If absorbed, anthocyanidins and their microbial catabolites are transported through the portal vein and in the liver are distributed to hepatocytes, where they are again metabolized (phases I and II). The products of hepatic metabolism are distributed throughout the tissues and subsequently transported to the enteric system by the bile pathway (an important vehicle for transport) and removed via urinary and/or fecal excretion [35,128].

The absorption of anthocyanins isolated in mixtures or in nanostructured systems is considered a complex mechanism and is not fully elucidated. Anthocyanins may interact differently at diverse absorption sites along the gastrointestinal tract. Advanced techniques are being applied to understand the absorption of these compounds with greater precision, to relate the structure of anthocyanins (isolated or encapsulated) with the absorption and the effect on certain groups of bacteria in the intestinal microbiota. In situ matrix-assisted laser desorption/ionization mass spectrometry imaging can be useful to know the specific sites of absorption and to release anthocyanins (and their metabolites) in different target tissues [138,139,140,141].
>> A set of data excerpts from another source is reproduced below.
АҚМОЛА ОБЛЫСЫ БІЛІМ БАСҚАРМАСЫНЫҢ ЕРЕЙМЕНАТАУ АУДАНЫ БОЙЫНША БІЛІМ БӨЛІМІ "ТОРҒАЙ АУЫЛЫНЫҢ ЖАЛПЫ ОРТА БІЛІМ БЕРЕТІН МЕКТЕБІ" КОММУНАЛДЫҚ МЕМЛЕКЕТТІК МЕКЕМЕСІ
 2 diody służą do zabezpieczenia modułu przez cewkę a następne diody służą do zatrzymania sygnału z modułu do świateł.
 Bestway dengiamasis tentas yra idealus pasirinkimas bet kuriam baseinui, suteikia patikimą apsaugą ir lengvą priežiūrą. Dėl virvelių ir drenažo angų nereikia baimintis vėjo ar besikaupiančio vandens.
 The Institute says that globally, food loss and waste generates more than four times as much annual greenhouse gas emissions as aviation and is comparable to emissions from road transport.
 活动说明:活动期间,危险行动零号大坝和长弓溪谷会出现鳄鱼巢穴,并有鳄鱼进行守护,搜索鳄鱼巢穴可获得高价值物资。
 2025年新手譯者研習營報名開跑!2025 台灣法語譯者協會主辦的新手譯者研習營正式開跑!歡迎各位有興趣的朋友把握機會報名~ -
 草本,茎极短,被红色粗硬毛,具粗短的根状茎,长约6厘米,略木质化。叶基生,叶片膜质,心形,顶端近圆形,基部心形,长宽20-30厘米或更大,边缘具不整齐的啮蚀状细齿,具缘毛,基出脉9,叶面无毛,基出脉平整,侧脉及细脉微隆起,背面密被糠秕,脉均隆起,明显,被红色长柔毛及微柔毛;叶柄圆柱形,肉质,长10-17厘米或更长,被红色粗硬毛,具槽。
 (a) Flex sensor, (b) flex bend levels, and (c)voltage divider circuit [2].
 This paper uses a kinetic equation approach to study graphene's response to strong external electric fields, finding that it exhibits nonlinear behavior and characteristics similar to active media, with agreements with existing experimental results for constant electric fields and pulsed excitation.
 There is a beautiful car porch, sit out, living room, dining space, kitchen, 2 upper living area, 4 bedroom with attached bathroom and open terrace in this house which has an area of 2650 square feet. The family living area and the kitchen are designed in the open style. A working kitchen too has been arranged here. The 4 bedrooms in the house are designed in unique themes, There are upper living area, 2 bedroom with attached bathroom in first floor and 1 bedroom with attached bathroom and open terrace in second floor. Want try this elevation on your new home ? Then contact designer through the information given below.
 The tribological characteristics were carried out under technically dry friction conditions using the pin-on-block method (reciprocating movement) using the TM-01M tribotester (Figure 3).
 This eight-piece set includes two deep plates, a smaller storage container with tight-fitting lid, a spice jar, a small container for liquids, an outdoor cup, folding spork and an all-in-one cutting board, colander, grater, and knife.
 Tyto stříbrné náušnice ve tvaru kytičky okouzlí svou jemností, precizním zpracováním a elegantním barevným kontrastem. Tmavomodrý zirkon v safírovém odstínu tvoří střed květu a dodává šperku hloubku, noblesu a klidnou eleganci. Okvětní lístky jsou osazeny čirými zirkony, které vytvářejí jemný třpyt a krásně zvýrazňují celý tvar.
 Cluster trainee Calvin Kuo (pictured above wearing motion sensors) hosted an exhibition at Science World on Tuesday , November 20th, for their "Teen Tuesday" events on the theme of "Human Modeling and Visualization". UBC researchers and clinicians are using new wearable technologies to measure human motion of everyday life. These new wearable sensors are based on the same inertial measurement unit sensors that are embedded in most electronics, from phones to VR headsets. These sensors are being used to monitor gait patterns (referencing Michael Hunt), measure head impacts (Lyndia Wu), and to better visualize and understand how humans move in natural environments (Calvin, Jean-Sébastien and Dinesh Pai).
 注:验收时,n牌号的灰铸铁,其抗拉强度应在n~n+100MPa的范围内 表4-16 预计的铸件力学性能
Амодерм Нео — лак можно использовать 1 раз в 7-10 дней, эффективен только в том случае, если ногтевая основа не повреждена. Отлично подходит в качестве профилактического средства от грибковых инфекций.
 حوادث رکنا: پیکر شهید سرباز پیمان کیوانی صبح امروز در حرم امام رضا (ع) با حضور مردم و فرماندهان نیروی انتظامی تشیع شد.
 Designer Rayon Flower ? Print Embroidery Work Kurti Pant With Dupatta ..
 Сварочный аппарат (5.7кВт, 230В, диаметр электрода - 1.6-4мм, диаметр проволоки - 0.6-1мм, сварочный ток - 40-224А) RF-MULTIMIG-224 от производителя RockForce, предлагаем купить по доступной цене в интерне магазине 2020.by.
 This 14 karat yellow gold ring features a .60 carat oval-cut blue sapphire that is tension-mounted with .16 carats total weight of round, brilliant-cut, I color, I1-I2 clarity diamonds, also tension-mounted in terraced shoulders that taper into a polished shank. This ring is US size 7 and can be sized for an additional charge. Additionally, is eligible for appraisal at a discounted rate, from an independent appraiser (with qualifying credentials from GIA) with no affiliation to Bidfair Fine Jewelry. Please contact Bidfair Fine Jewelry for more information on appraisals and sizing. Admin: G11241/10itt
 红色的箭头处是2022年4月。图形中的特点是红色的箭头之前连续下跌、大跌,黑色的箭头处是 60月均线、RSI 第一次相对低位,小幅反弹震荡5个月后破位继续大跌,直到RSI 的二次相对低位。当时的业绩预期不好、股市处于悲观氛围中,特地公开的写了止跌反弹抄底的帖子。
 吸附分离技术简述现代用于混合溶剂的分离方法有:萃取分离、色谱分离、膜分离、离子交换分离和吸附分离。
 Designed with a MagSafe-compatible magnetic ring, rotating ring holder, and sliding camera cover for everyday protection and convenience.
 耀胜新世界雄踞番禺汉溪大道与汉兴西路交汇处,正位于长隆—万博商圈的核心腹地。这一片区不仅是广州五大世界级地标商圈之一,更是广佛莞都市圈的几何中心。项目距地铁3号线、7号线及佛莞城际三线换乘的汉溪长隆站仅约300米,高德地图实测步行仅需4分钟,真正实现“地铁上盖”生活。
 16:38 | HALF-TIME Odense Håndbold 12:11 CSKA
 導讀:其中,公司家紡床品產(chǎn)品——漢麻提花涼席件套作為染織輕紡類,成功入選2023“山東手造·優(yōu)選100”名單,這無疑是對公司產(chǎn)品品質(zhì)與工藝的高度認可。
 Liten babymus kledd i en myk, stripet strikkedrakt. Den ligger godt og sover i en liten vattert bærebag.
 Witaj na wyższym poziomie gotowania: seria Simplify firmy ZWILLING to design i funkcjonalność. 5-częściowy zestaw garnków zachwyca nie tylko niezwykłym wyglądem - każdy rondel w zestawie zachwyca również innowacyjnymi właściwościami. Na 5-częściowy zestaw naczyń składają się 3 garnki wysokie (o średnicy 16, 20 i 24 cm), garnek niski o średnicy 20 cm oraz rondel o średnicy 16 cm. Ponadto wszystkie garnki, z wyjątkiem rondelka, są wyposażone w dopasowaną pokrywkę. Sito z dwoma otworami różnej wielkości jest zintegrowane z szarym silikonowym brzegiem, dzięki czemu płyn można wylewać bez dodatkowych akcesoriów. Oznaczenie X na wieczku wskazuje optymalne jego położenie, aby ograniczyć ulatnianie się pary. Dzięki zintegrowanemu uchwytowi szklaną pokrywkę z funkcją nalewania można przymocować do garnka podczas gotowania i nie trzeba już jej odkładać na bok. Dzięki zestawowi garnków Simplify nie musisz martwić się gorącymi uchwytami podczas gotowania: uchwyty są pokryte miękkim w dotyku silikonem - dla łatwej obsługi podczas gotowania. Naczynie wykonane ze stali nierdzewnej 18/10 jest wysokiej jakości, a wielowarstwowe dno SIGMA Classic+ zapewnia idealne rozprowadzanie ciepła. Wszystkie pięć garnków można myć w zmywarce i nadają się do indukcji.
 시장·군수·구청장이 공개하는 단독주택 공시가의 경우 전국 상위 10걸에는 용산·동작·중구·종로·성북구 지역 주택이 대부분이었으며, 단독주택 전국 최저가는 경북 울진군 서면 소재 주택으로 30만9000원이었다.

The major human metabolites identified in the bloodstream were gallic, vanillic, protocatechuic, 3,4-dihydroxybenzoic, syringic, p-cumaric, vanillic, 2,4-dihydroxybenzoic, 2,4,6-trihydroxy benzoic, and 2,4,6-trihydroxy benzoic acids [4,128]. The aglycone form can also be metabolized by intestinal bacteria as a carbon source, decomposing into organic acids such as 3,4-dihydroxyphenylacetic, m-hydroxyphenyl acetic, and m-homovanilic acids [131]. However, after ingestion of the anthocyanin source, a limited quantity of intact anthocyanins was detected in the systemic circulation [84,130].

5. Biotransformation of Anthocyanins and the Consequent Effect on Bioavailability and Antioxidant Capacity

The metabolism of anthocyanins is complex, and the intense degradation of these compounds limits the bioavailability and the systemic effect. The bioavailability of anthocyanins refers to the amount that are absorbed, reach circulation, suffer metabolization, and are distributed to target tissues [142]. The bioavailability of anthocyanins is very low compared to other flavonoids. In addition to limited absorption and inefficient transport to circulation and distribution, these compounds have high excretion [143]. The biotransformation of anthocyanins by the action of the microbiota leads to less absorption, low biological use, and influences the antioxidant capacity and biological action in specific tissues (39). Inefficient absorption has been reported in some studies, which report that less than 1% of ingested anthocyanins reach the intestine intact and are internalized by enterocytes. Most reports are related to the absorption of metabolites resulting from the degradation of these compounds [102,132,144,145]. Therefore, the low absorption and limited bioavailability of free anthocyanins are due to their susceptibility to high chemical and microbial degradation and excretion rates [133].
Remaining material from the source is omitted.